- Le dispositif mis en place par le gouvernement britannique pour indemniser les victimes du « scandale Windrush » est un échec et viole le droit de nombreuses personnes à un recours effectif pour les violations des droits humains qu’elles ont subies.
- Ces dernières années, la génération Windrush, qui vit au Royaume-Uni depuis des décennies, a dû répondre à des exigences impossibles à satisfaire pour prouver ses droits de résidence, entraînant des conséquences dramatiques pour la vie des personnes concernées.
- Si un système d’indemnisation indépendant est nécessaire en raison des retards procéduraux importants subis par les demandeurs, un contrôle transparent et indépendant devrait être garanti dans l’intervalle, avec accès à l’aide juridique et droit de recours auprès d’un tribunal indépendant, étant donné que le système actuel est géré par l’agence qui à l’origine du problème.
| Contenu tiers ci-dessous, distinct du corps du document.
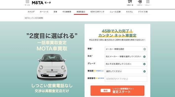 <サービス紹介:MOTAが運営する「MOTA車買取査定」>
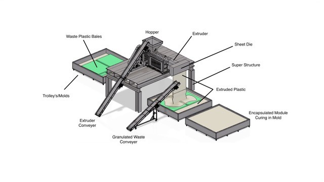 MGM Modules Ltd is the R + D operation pioneering the methods and processing plant to convert waste plastics, tires and many other varieties of waste into solid masses we call plubber modules. The patented process of compressing mixed waste and tires using steel reinforcing then remelting mixed sources of plastic waste to encapsulate the solidified waste produces slabs, blocks, bricks and other forms as a substitute or supplement for concrete and other building materials.
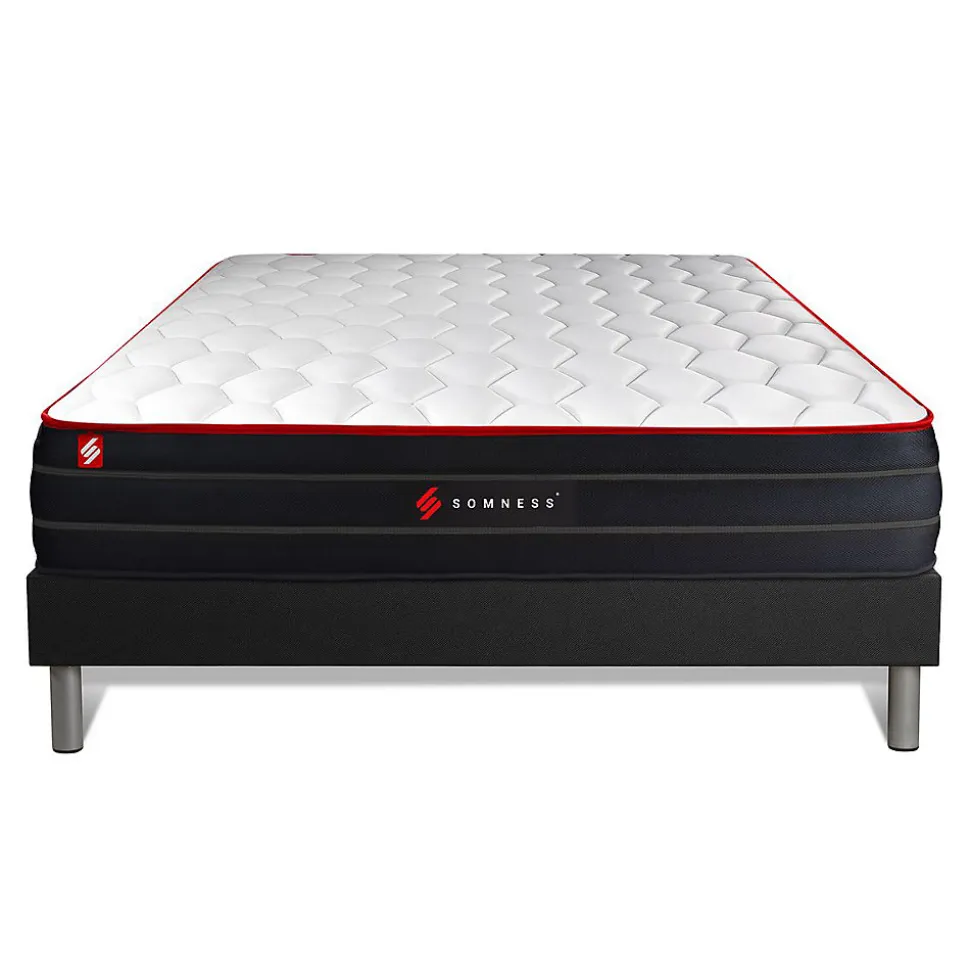 Le matelas BOOST est l’aboutissment de plusieurs années de recherche et développement. L’alliance de la mousse à mémoire de fome et des ressorts ensachés en fait l’un des modèles les plus haut de gamme de la marque Somness.L’avis de notre expert: Ce matelas dispose d’une maxi épaisseur de 26cm, d’un confort inégalé, votre corps le remerciera chaque matin.- Type de matelas : Mémoire de forme et ressorts ensachés- Epaisseur : 26 cm- Confort : Equilibré- Accueil : Moelleux avec 4cm mousse polyuréthane à mémoire de forme + mousse soft pour les 2 faces- Soutien : 609 Ressorts ensachés- Indépendance de couchage : Excellente- Zone de confort : 7 zones de confort- Coutil 100% polyester micro perforé ultra-respirable- Plate-Bande en tissu 3D micro-perforé 100% Polyester pour optimiser l’aération du matelas- Face de couchage : Face été / Face hiver- Densité : 55 kg/m3- Certification : Oeko-Tex- Type de sommier : Tapissier à lattes démontable à assembler soi même- Epaisseur du sommier : 14cm- Nombre de lattes : 2×15 lattes multiplis- Garnissage fibres 100% polyester 120G/M2- Tissu Maille 100% polyester 260 G/M2- Pieds : Acier 15cm fournis- Hauteur 14cm + Pieds acier 15cm- Montage facile: le montage pourra être effectué par une personne seule en 10 min seulement – Type de matelas : Mémoire de forme et ressorts ensachés- Epaisseur : 26 cm- Confort : Equilibré- Accueil : Moelleux avec 4cm mousse polyuréthane à mémoire de forme + mousse soft pour les 2 faces- Soutien : 609 Ressorts ensachés- Indépendance de couchage : Excellente- Zone de confort : 7 zones de confort- Coutil 100% polyester micro perforé ultra-respirable- Plate-Bande en tissu 3D micro-perforé 100% Polyester pour optimiser l’aération du matelas- Face de couchage : Face été / Face hiver- Densité : 55 kg/m3- Certification : Oeko-Tex- Ty
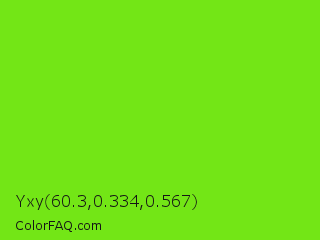 Yxy 60.3,0.334,0.567 Color is a normal green color and the nearest color is Alien Armpit #84de02. Hex code #73e616 and RGB value is rgb(115,230,22). In RGB color space, this color is composed of 45% red, 90% green, 9% blue, In CMYK color space, this color is composed of 50% cyan, 0% magenta, 90% yellow , 10% black , In HSL color space, this color has a hue angle of 93° , 83% saturation and 49% lightness.
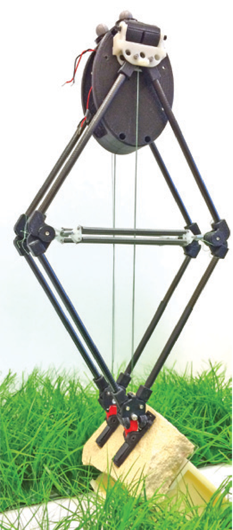 Woodward, der sowohl Maschinenbauingenieur, Robotiker als auch Biologe ist, untersuchte die Fußstruktur der Wüstenheuschrecke und ihr Sprungverhalten auf verschiedenen Oberflächen, um die Eigenschaften zu extrahieren, die dazu beitragen, dass das Tier – wenn es ins Rutschen kommt – schnell Halt findet (indem es die Reibung erhöht). Er ließ die Heuschrecke zum Beispiel von wasserabweisendem Glas, von Gitter, Holz oder Sandstein springen (wie in dem Youtube-Video zur Forschungsarbeit zu sehen ist, Link siehe unten). Um zu verstehen, wie das Insekt sowohl von einer glatten als auch von einer rauen Oberfläche springen kann, baute der Wissenschaftler einen von der Heuschrecke inspirierten Roboter (siehe Abbildung 1). Er dient dazu, das Sprungverhalten der Heuschrecke zu imitieren. Woodward baute viel Heuschrecken-inspiration ein, veränderte aber auch den natürlichen Bauplan: Um die Bewegung der Beine auf das zum Springen Wesentliche zu beschränken, spiegelte Woodward die Segmente des Heuschreckenbeins und baute diese Doppelung ein.
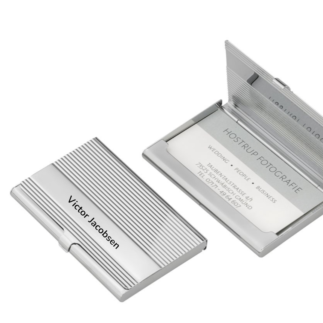 Smart og eksklusiv forsølvet kortholder til alle aldre. Kortholderen er en stilren og komprimeret holder til opbevaring af kreditkort og visitkort. Kortholderen kan personliggøres med gratis gravering til dig selv eller den du holder af. Kortholderen med navn er lavet i en super fin størrelse, således den er let altid at have ved hånden og ikke fylder unødigt. En populær gaveidé til konfirmationsgave, uddannelsesgave, værtsgave, farsdagsgave, julegaven eller til  firmagave.
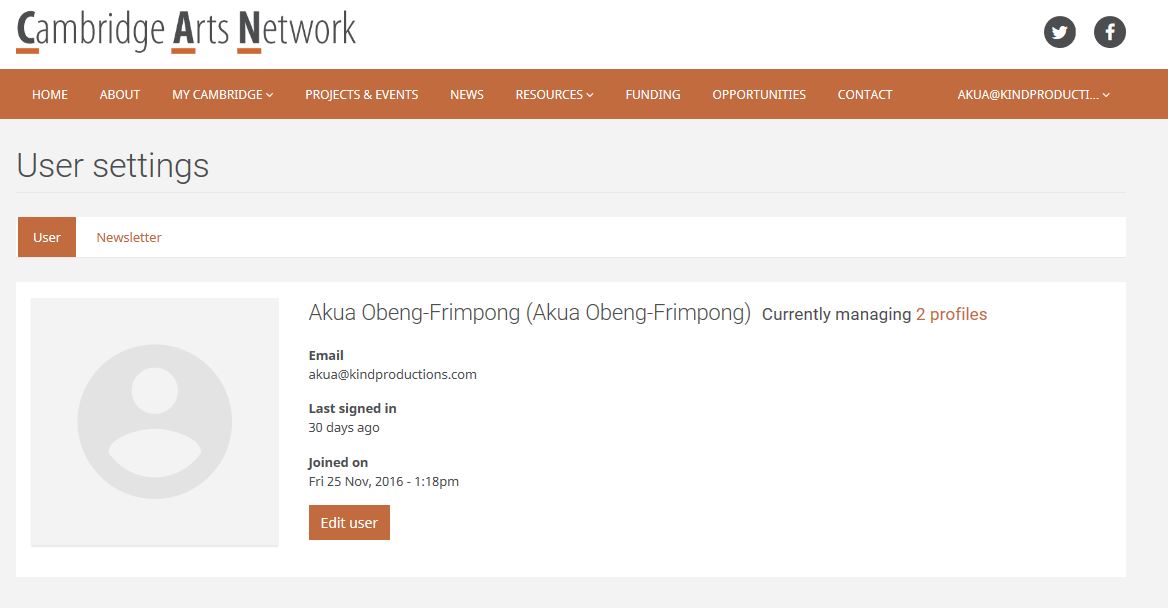 From this User Settings page, select 'Newsletter'
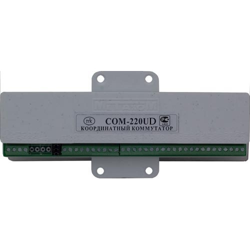 Коммутатор координатный COM-220UD предназначен для коммутации абонентских линий в домофонных системах на базе вызывных панелей МЕТАКОМ и рассчитан на подключение до 220-ти абонентов. Индекс D в названии коммутатора означает возможность подключения двух вызывных панелей.
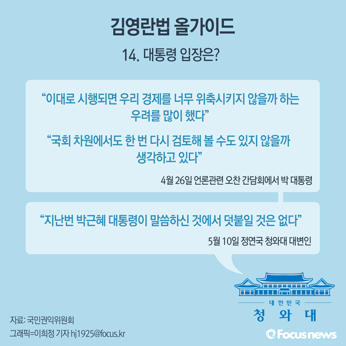 | △ [그래픽] 김영란법 올가이드 14. 대통령 입장은? |
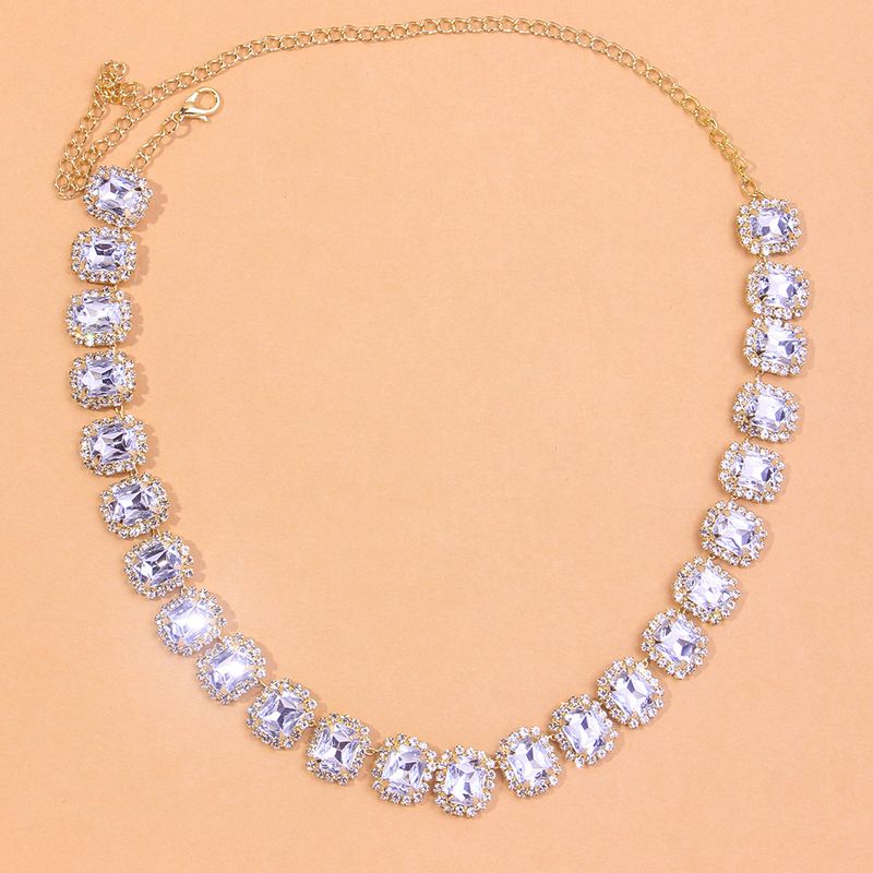 Luxury Fashion Elements Colorful Diamond Necklace Pink Silver
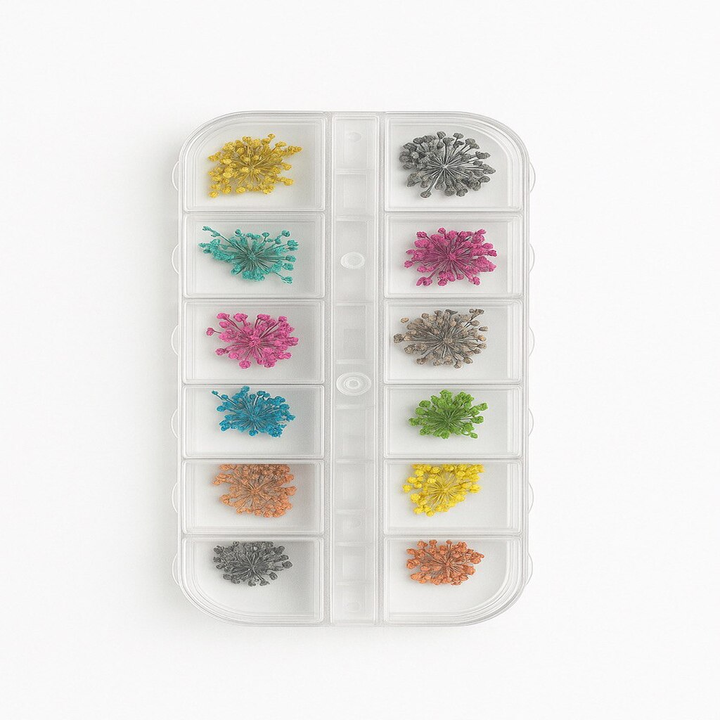 Made from real, carefully preserved flowers, they are lightweight and easy to apply on natural nails, gel nails, or acrylics. Their natural texture and vibrant shades give a fresh and stylish appearance that stands out from traditional nail decorations. Each piece is designed to maintain its beauty without losing color or shape.
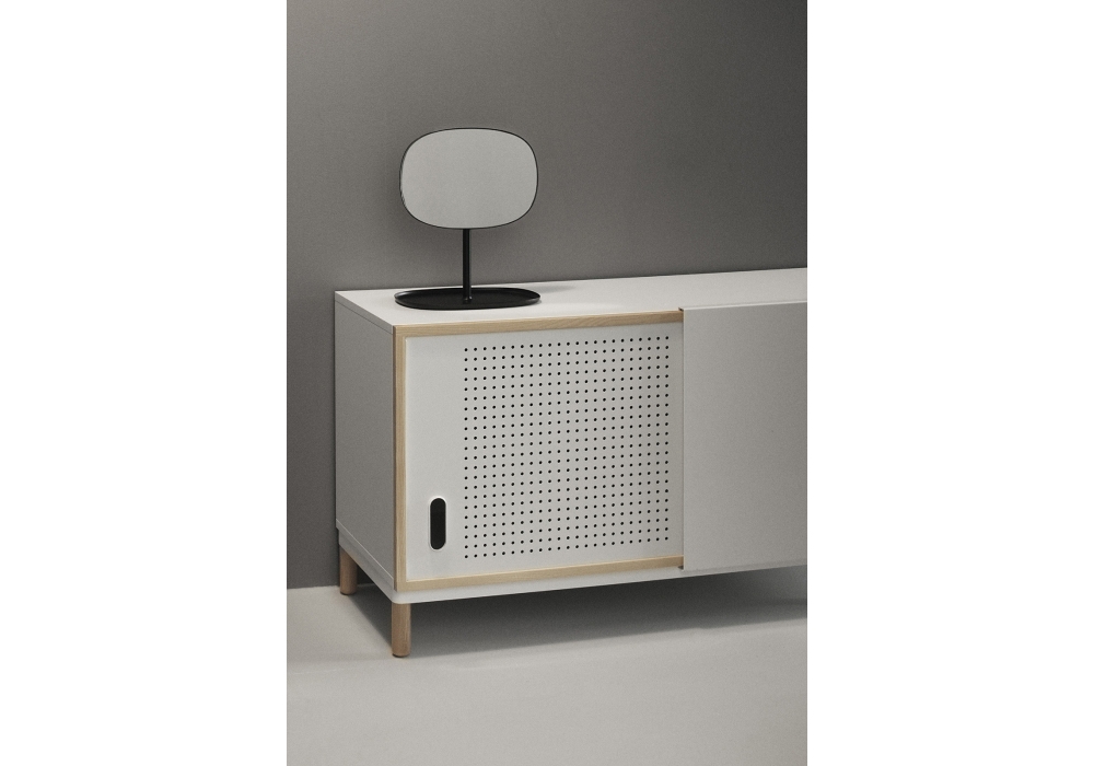 Kabino, designed by Simon Legald for Normann Copenhagen is a sideboard, with quadrangular structure in oak combined with MDF and aluminum, available in gray or white colors. Kabino is available in two different sizes.

(Londres, le 17 avril 2023) – Un programme du gouvernement britannique visant à indemniser les victimes du « scandale Windrush » est voué à l’échec et viole le droit à un recours effectif de ces victimes pour les violations des droits humains qu’elles ont subies de la part du ministère de l’Intérieur, a déclaré Human Rights Watch aujourd’hui.
Le 17 mai 2018, Theresa May, alors Première ministre, a présenté ses excuses pour ce scandale concernant des Britanniques noirs arrivés au Royaume-Uni en provenance des Caraïbes après la Seconde Guerre mondiale ; ces personnes ont dû, après avoir vécu et travaillé au Royaume-Uni pendant des décennies, répondre à des exigences gouvernementales impossibles à satisfaire pour prouver leur citoyenneté britannique ou leurs droits de résidence. En conséquence, ces personnes ont perdu leur emploi, leur logement, leurs soins de santé, leur pension et leurs avantages sociaux. Dans de nombreux cas, ils ont été détenus, expulsés et séparés de leur famille.
« Cinq ans après l’émergence du scandale Windrush, le système d’indemnisation mis en place par le ministère de l’Intérieur aggrave encore l’injustice en refusant aux demandeurs leur droit à des réparations pour les pertes et effets négatifs que ce système a eu sur leur vie, et ce pendant des années », a déclaré Almaz Teffera, chercheuse sur les questions de racisme en Europe à Human Rights Watch. « Le gouvernement britannique devrait confier le système d’indemnisation à un organisme indépendant qui garantisse à chaque demandeur d’être entendu de manière équitable et indépendante. »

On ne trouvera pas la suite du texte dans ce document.